Basil A. Pruitt, Jr., MD, FACS, FCCM, MCCM, recounts how serendipity can shape a surgical career



Basil A. Pruitt, Jr., MD, FACS, FCCM, MCCM
Basil A. Pruitt, Jr., MD, FACS, FCCM, MCCM

Representatives of the U.S. military health system met Sunday for the Excelsior Surgical Society meeting, and a highlight of the daylong session was the fourth annual Army Major John P. Pryor Lecture by guest lecturer Basil A. Pruitt, Jr., MD, FACS, FCCM, MCCM, the Dr. Ferdinand P. Herff Chair in Surgery, clinical professor of surgery, department of surgery, trauma division, University of Texas Health Science Center, San Antonio; professor of surgery, Uniformed Services University of the Health Sciences, Bethesda, MD; and the Immediate Past Second-Vice-President of the American College of Surgeons.

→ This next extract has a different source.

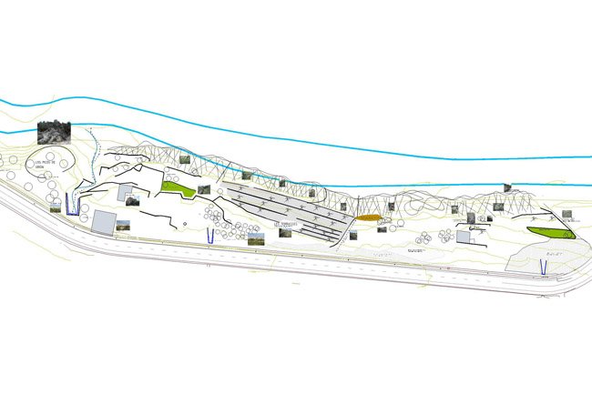 o, no hace falta introducir un nuevo programa que lo complemente, UNA ZONA PARA SER RECORRIDA. El programa será el paseo y las zonas estanciales. La inventiva personal será para interpretar las formaciones geológicas, la toponimia existente de la zona o la creación de nuevos nombres de las cosas. Un lugar donde explicar, donde documentar el recorrido para aquel que le interese. Explicar la historia (la relación con el reino de tifas de Denia, la reconquista, ), pero también la historia no-escrita (las tradiciones y la leyendas de la zona), el territorio (el rÃo Gorgos origen de todo el proyecto, ), y los sistemas de cultivos (la vid, la uva, el vino y la pasa), en definitiva también un AMPLIFICAR DE LA MEMORIA.

The topic of the lecture, A Serendipitous Surgical Journey, was chosen “to illustrate how chance influences one’s career,” which is not always immediately obvious but becomes clear later, Dr. Pruitt said. He began by speaking of how Sir Alexander Fleming, FRS, FRSE, FRCS, by chance first saw the antibiotic properties of penicillin in 1928; from there followed a series of events that led to an understanding of how the medication could treat sepsis in burn victims and eventually the U.S. Army studying burns and treatment at Fort Sam Houston, San Antonio, TX.

Dr. Pruitt’s own “serendipitous events” led to him studying burns at the same institution, then to Vietnam during the Vietnam War as Chief of the Trauma Studies Section, and then after his tour to a position as Commander and Director of the U.S. Army Institute of Surgical Research (USAISR) at Fort Sam Houston. “In those days, a young adult in the military age group, 15–40, with a 43 percent [total surface area] burn was associated with a 50/50 chance of living or dying,” said Dr. Pruitt, noting that his inclination toward research and a desire to improve those poor survival odds led him down the path that would eventually transform the treatment of burns in both the military and civilian settings.

From his leadership position in the USAISR, Dr. Pruitt oversaw a multidisciplinary integrated clinical laboratory research program that led to four advances in burn care—two evolutionary and two revolutionary, he said. One of the evolutionary changes came in the area of fluid resuscitation, in which patients with extensive burns previously have an associated 9 percent occurrence of acute renal failure due to excessive administered fluids. Dr. Pruitt and colleagues readjusted the fluid formula and “essentially eliminated renal failure” from severely burned patients, with only 0.3 percent experiencing the condition after the development. The second evolutionary change came in the field of inhalation injury, where endoscopic diagnoses with fiberoptic bronchoscopes and the provision of positive pressure ventilation “reduced the occurrence of pneumonia and increased survival in patients,” Dr. Pruitt said.

One of Dr. Pruitt’s most significant contributions to the field of burn care came through a revolution in the understanding of how bacterial and microbial proliferation in a severe burn affects patients and a subsequent change in treatment. With the help of a resident pathologist, Dr. Pruitt and his team came to understand that “to the immunosuppressed, extensively burned patient, there is no such thing as a harmless microorganism,” he said.

The avascularity of burnt tissue meant that pathogens could spread from dead tissue to live tissue and eventually overwhelm an immunosuppressed patient. Animal models helped to determine that topical treatments, such a mafenide acetate, decreased bacteria counts to very low levels and, along with the concomitant ability to more safety excise dead tissue and graft healthy tissue, “reduced the occurrence of invasive burn wound infection as a cause of death … by 10-fold,” from a 60 percent occurrence rate to 6 percent.

The second revolutionary advance was in the understanding of the metabolic response to injury. Previously, the severely burned patient was thought to have a whole-body metabolic response, but Dr. Pruitt’s team found that the “metabolic response is wound directed, so one needs to meet these metabolic needs and not minimize the metabolic supply to that [area] by altering the blood flow or cooling the limb,” he said. These discoveries led to “full-service metabolic management” for extensive burns, which entailed an overhaul of nutritional and supplemental dietary intake, as well as pharmacological response.

Serendipity in a surgical career is often only recognized in hindsight, Dr. Pruitt concluded. But “one can optimize serendipity by enthusiastic performance.”